Any other uses and disclosures will be made only with your written authorization. You will be provided with an authorization form upon request. A separate form will be needed for each request for release of information. The authorization for release of records is valid until it expires or is revoked. You may revoke authorization in writing and I am required to honor and abide by that written request, except to the extent that we have already taken actions relying on your authorization.

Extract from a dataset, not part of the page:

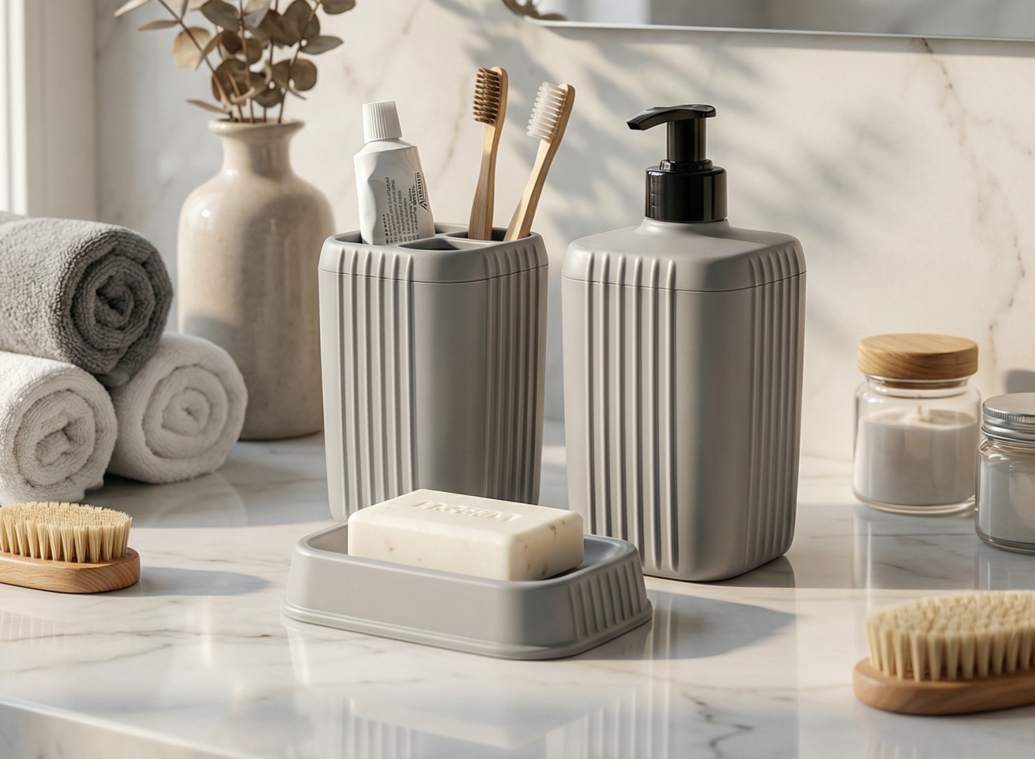 Изделие выполнено из качественного пластика, что обеспечивает долговечность и возможность эксплуатации в условиях повышенной влажности. Материал обладает хорошей устойчивостью к механическим повреждениям в отличие от керамики или стекла. А матовая поверхность с эффектом soft-touch создает приятные тактильный и визуальный эффекты. Компактный аксессуар имеет оптимальный объем 0,5 л, не занимает много места на раковине или полке. Укомплектован помповым дозатором с поворотным механизмом фиксации. Изделие выполнено в минималистичном дизайне и нейтральной цветовой гамме, что делает его идеальным выбором для любого интерьера.

CONFIDENTIALITY: All information disclosed within sessions and the written records pertaining to those sessions are confidential and may not be revealed to anyone without your written permission except where disclosure is required by law.
MINORS: All information pertaining to minors will be released to their parents or legal guardians upon their request, unless it would seriously affect the therapeutic process. The adult accompanying a minor and the parents (or guardians of the minor) are responsible for full payment (regardless of divorce decree if applicable).
WHEN DISCLOSURE IS REQUIRED OR MAY BE REQUIRED BY LAW
Some of the circumstances where disclosure is required or may be required by law are:
where there is a reasonable suspicion of child, dependent, or elder abuse or neglect
where a client presents a danger to self, to others, to property, or is gravely disabled
when a client's family member communicates to me that the client presents a danger to others
If you present your mental status as an issue in litigation, the defendant may have the right to request my psychotherapy records and/or testimony
I have read the above Office Policies, Privacy Practice, General Information, Informed Consent for Psychotherapy carefully. I understand them and agree to comply with them. My electronic signature serves as my agreement.